**About this task:**
In your copy, leave out the pictures and reproduce the listing below exactly.

**Source material:**

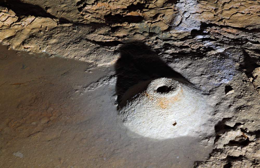 Au sol d'un quartier d'exploitation, la boue prend la forme de volcans miniatures
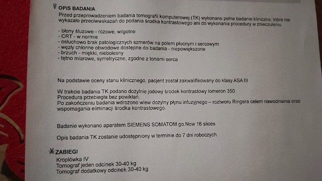 Teraz musimy wykonać TK - głównie kręgosłupa, ze względu na spondylozę na odcinku L6-L7, ale wskazane jest też ponowne, kontrolne prześwietlenie stawów (przód i tył).
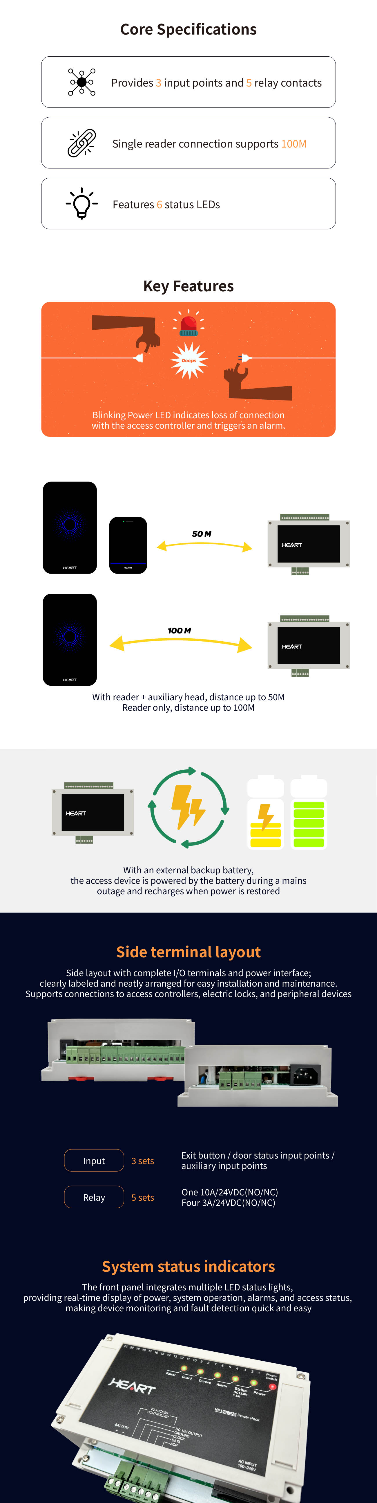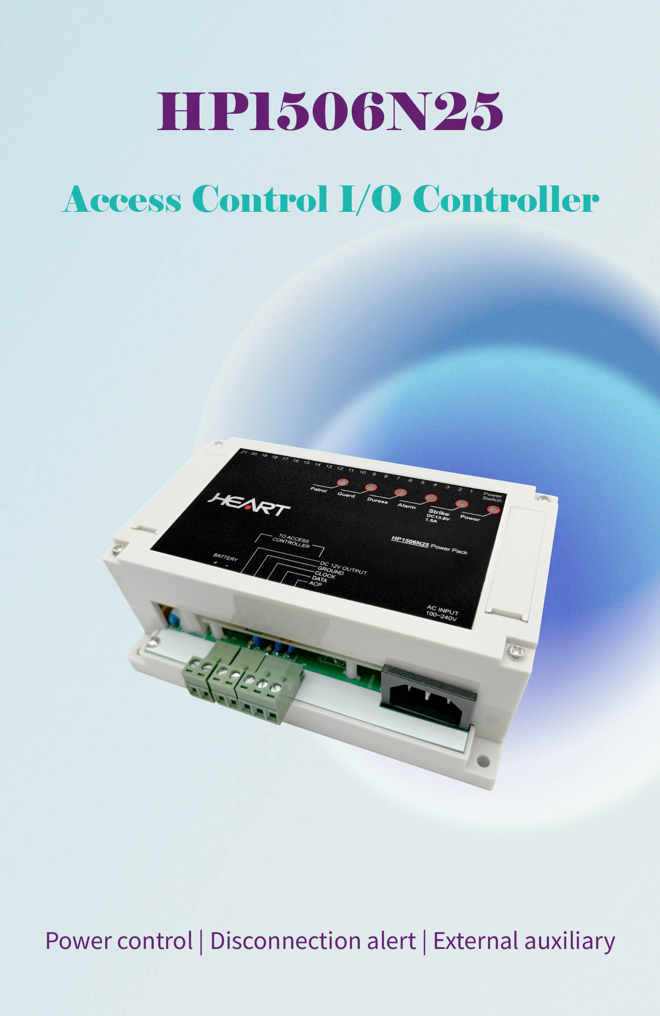 Product Number:HP1506N25This device integrates multiple input and relay contacts, providing power and signal connections for access control controllers, electric locks, and related equipment.
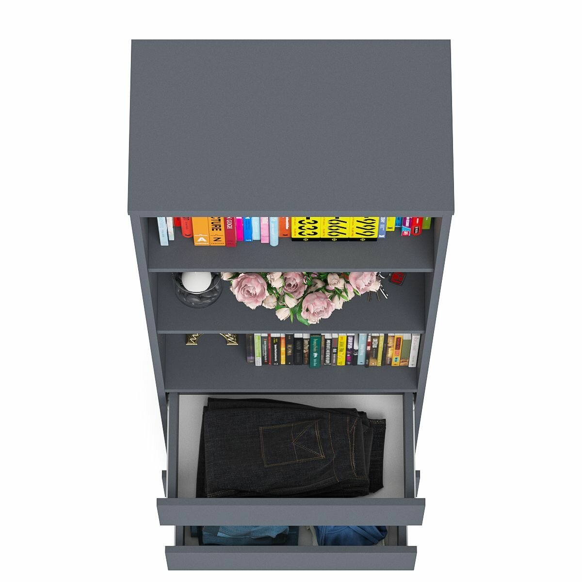 Стеллаж с ящиками Мори МСТ600.3 - минималистичный дизайн и доступная цена позволяет наслаждаться качественной и современной мебелью без значительных финансовых затрат! Стеллаж с двумя открытыми полками сверху и тремя выдвижными ящиками снизу. Продуманная конструкция позволяет убрать лишние предметы, тем самым сохраняя единый стиль оформления помещения. Отсутствие ручек главное преимущество данной модели. Роль ручек выполняют сами фасады. Открывание ящиков производится за счет пространства между планками и фасадами. Выдвижные ящики на роликовых направляющих L=300 мм. неполного выдвижения обеспечивают длительную и тихую эксплуатацию. На нижних кромках опор предусмотрены пластиковые подпятники для защиты поверхности пола от механических повреждений. Корпус и фасады изготовлены из экологически чистой ламинированной ДСП 16 мм, торцы окромлены ПХВ плёнкой 0,4 мм. Лицевая фурнитура отсутствует - все фасады открываются за край. Поставляется стеллаж с ящиками Мори МСТ600.3 в разобранном виде в надёжной упаковке, с комплектом сборочной фурнитуры и инструкцией по сборке

**Result of the exercise:**
 Au sol d'un quartier d'exploitation, la boue prend la forme de volcans miniatures
 Teraz musimy wykonać TK - głównie kręgosłupa, ze względu na spondylozę na odcinku L6-L7, ale wskazane jest też ponowne, kontrolne prześwietlenie stawów (przód i tył).
 Product Number:HP1506N25This device integrates multiple input and relay contacts, providing power and signal connections for access control controllers, electric locks, and related equipment.
 Стеллаж с ящиками Мори МСТ600.3 - минималистичный дизайн и доступная цена позволяет наслаждаться качественной и современной мебелью без значительных финансовых затрат! Стеллаж с двумя открытыми полками сверху и тремя выдвижными ящиками снизу. Продуманная конструкция позволяет убрать лишние предметы, тем самым сохраняя единый стиль оформления помещения. Отсутствие ручек главное преимущество данной модели. Роль ручек выполняют сами фасады. Открывание ящиков производится за счет пространства между планками и фасадами. Выдвижные ящики на роликовых направляющих L=300 мм. неполного выдвижения обеспечивают длительную и тихую эксплуатацию. На нижних кромках опор предусмотрены пластиковые подпятники для защиты поверхности пола от механических повреждений. Корпус и фасады изготовлены из экологически чистой ламинированной ДСП 16 мм, торцы окромлены ПХВ плёнкой 0,4 мм. Лицевая фурнитура отсутствует - все фасады открываются за край. Поставляется стеллаж с ящиками Мори МСТ600.3 в разобранном виде в надёжной упаковке, с комплектом сборочной фурнитуры и инструкцией по сборке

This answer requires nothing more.